Task item → Copy out the data that comes next, character for character, and leave the images aside.

Exercise materials →
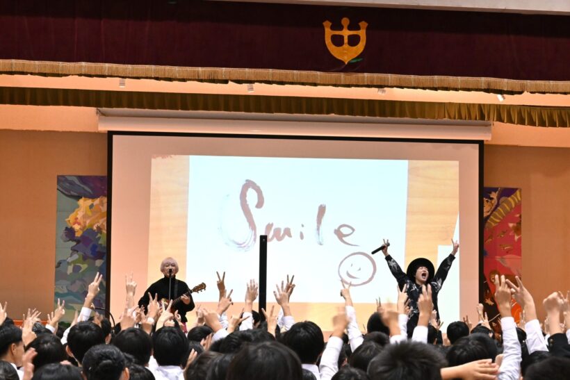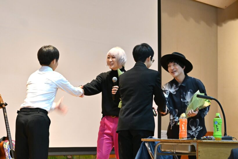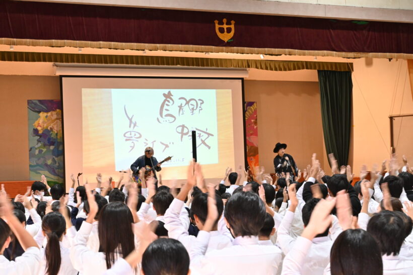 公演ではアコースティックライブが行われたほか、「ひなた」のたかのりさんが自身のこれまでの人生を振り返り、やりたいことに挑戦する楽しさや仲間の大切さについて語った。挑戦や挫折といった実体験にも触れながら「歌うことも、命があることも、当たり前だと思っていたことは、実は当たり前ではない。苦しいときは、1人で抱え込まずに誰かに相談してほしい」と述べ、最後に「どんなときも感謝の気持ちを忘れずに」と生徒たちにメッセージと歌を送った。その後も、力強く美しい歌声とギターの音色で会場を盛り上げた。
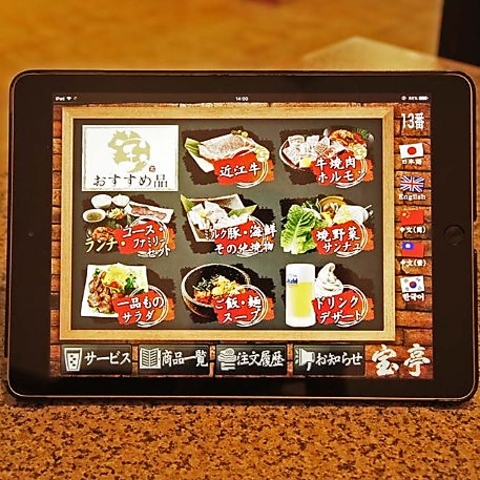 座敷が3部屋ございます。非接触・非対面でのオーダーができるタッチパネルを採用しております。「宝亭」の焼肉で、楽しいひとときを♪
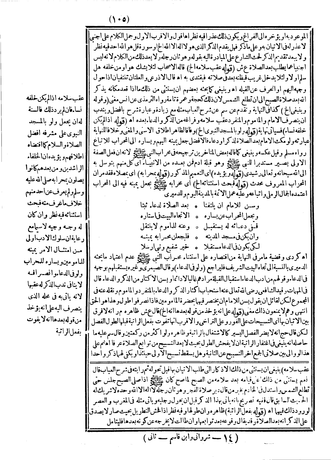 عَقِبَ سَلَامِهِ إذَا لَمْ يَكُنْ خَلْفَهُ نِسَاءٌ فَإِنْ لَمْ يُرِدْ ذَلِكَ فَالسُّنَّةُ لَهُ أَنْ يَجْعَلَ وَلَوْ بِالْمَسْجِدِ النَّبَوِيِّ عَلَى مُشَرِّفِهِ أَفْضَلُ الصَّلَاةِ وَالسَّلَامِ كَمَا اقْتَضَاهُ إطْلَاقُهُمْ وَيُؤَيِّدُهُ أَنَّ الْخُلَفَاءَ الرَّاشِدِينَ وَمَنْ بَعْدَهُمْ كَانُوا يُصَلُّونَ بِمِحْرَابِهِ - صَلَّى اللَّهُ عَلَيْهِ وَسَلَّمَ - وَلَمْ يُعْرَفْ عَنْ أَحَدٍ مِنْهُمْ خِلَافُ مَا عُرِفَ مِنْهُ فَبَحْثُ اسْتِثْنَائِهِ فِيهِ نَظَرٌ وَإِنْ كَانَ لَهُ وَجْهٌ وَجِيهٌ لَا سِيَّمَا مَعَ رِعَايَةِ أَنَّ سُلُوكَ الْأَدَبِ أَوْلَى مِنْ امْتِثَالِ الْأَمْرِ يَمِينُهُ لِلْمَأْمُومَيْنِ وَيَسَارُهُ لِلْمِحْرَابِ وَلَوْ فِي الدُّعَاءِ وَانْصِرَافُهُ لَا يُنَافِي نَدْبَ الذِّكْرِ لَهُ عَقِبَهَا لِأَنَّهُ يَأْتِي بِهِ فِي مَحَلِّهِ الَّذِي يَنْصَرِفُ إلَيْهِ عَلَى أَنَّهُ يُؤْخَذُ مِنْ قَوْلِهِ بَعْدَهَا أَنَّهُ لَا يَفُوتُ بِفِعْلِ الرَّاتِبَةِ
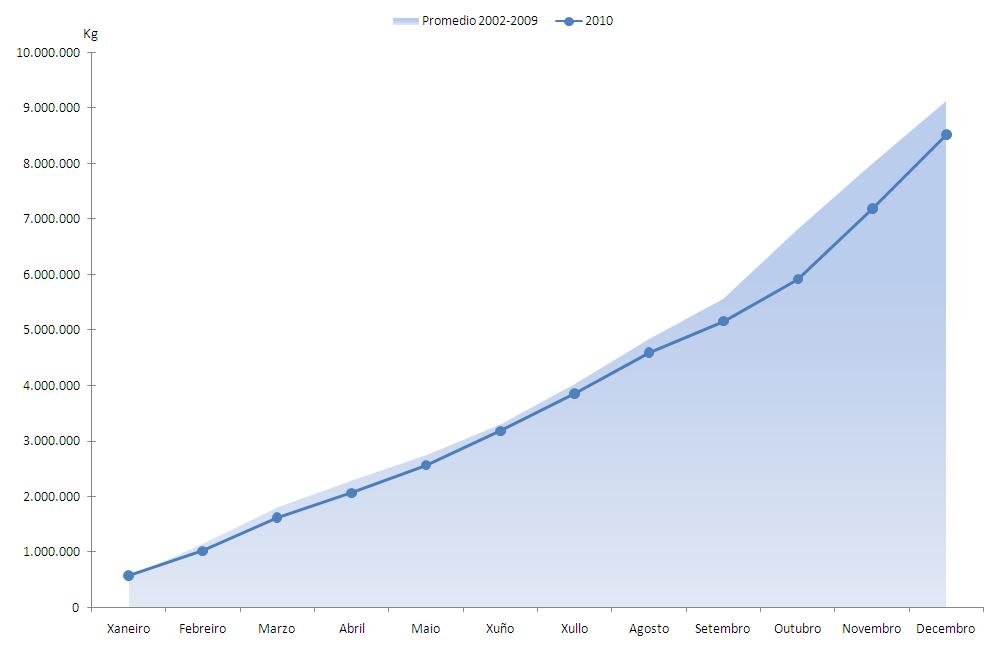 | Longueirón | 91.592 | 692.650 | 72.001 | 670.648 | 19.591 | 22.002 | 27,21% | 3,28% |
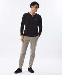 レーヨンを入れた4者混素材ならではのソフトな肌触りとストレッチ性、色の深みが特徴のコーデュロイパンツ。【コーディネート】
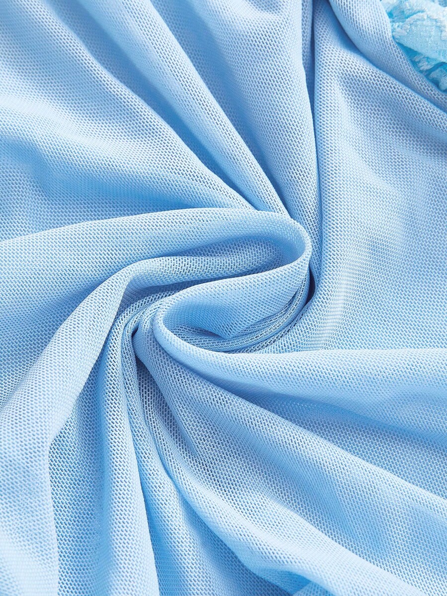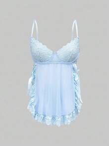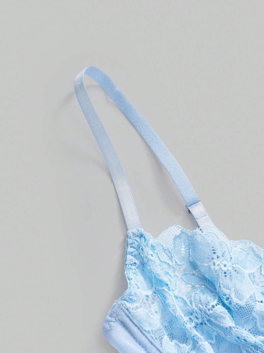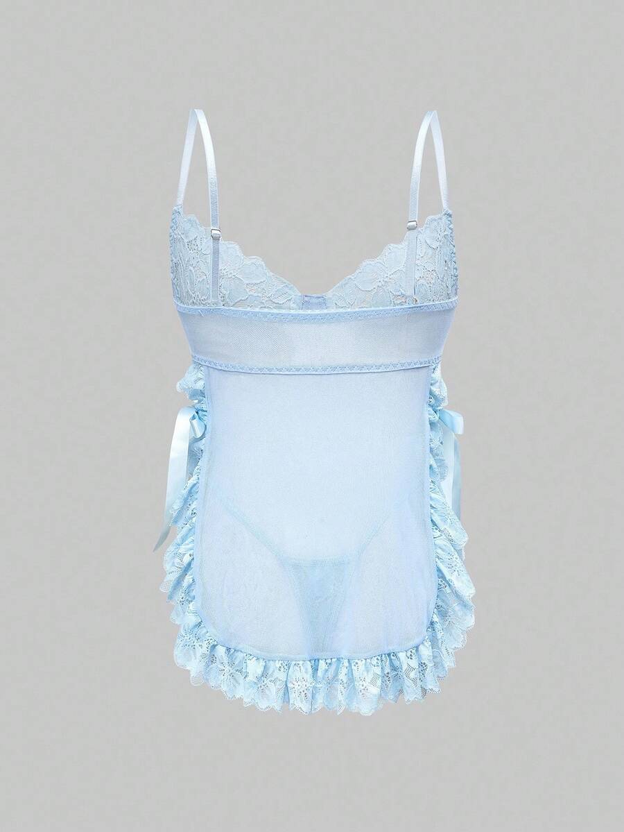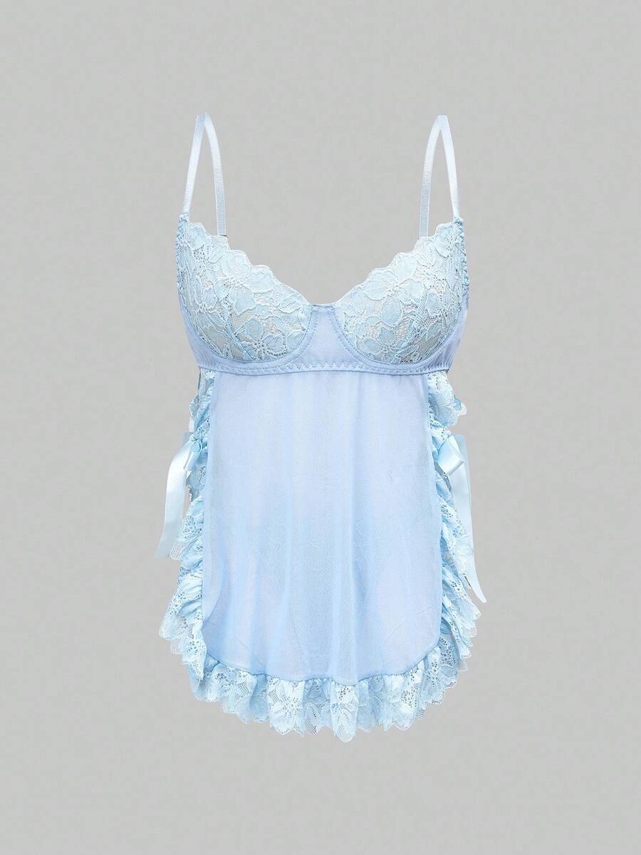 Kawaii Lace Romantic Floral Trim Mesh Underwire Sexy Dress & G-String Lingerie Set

Written answer →
 公演ではアコースティックライブが行われたほか、「ひなた」のたかのりさんが自身のこれまでの人生を振り返り、やりたいことに挑戦する楽しさや仲間の大切さについて語った。挑戦や挫折といった実体験にも触れながら「歌うことも、命があることも、当たり前だと思っていたことは、実は当たり前ではない。苦しいときは、1人で抱え込まずに誰かに相談してほしい」と述べ、最後に「どんなときも感謝の気持ちを忘れずに」と生徒たちにメッセージと歌を送った。その後も、力強く美しい歌声とギターの音色で会場を盛り上げた。
 座敷が3部屋ございます。非接触・非対面でのオーダーができるタッチパネルを採用しております。「宝亭」の焼肉で、楽しいひとときを♪
 عَقِبَ سَلَامِهِ إذَا لَمْ يَكُنْ خَلْفَهُ نِسَاءٌ فَإِنْ لَمْ يُرِدْ ذَلِكَ فَالسُّنَّةُ لَهُ أَنْ يَجْعَلَ وَلَوْ بِالْمَسْجِدِ النَّبَوِيِّ عَلَى مُشَرِّفِهِ أَفْضَلُ الصَّلَاةِ وَالسَّلَامِ كَمَا اقْتَضَاهُ إطْلَاقُهُمْ وَيُؤَيِّدُهُ أَنَّ الْخُلَفَاءَ الرَّاشِدِينَ وَمَنْ بَعْدَهُمْ كَانُوا يُصَلُّونَ بِمِحْرَابِهِ - صَلَّى اللَّهُ عَلَيْهِ وَسَلَّمَ - وَلَمْ يُعْرَفْ عَنْ أَحَدٍ مِنْهُمْ خِلَافُ مَا عُرِفَ مِنْهُ فَبَحْثُ اسْتِثْنَائِهِ فِيهِ نَظَرٌ وَإِنْ كَانَ لَهُ وَجْهٌ وَجِيهٌ لَا سِيَّمَا مَعَ رِعَايَةِ أَنَّ سُلُوكَ الْأَدَبِ أَوْلَى مِنْ امْتِثَالِ الْأَمْرِ يَمِينُهُ لِلْمَأْمُومَيْنِ وَيَسَارُهُ لِلْمِحْرَابِ وَلَوْ فِي الدُّعَاءِ وَانْصِرَافُهُ لَا يُنَافِي نَدْبَ الذِّكْرِ لَهُ عَقِبَهَا لِأَنَّهُ يَأْتِي بِهِ فِي مَحَلِّهِ الَّذِي يَنْصَرِفُ إلَيْهِ عَلَى أَنَّهُ يُؤْخَذُ مِنْ قَوْلِهِ بَعْدَهَا أَنَّهُ لَا يَفُوتُ بِفِعْلِ الرَّاتِبَةِ
 | Longueirón | 91.592 | 692.650 | 72.001 | 670.648 | 19.591 | 22.002 | 27,21% | 3,28% |
 レーヨンを入れた4者混素材ならではのソフトな肌触りとストレッチ性、色の深みが特徴のコーデュロイパンツ。【コーディネート】
 Kawaii Lace Romantic Floral Trim Mesh Underwire Sexy Dress & G-String Lingerie Set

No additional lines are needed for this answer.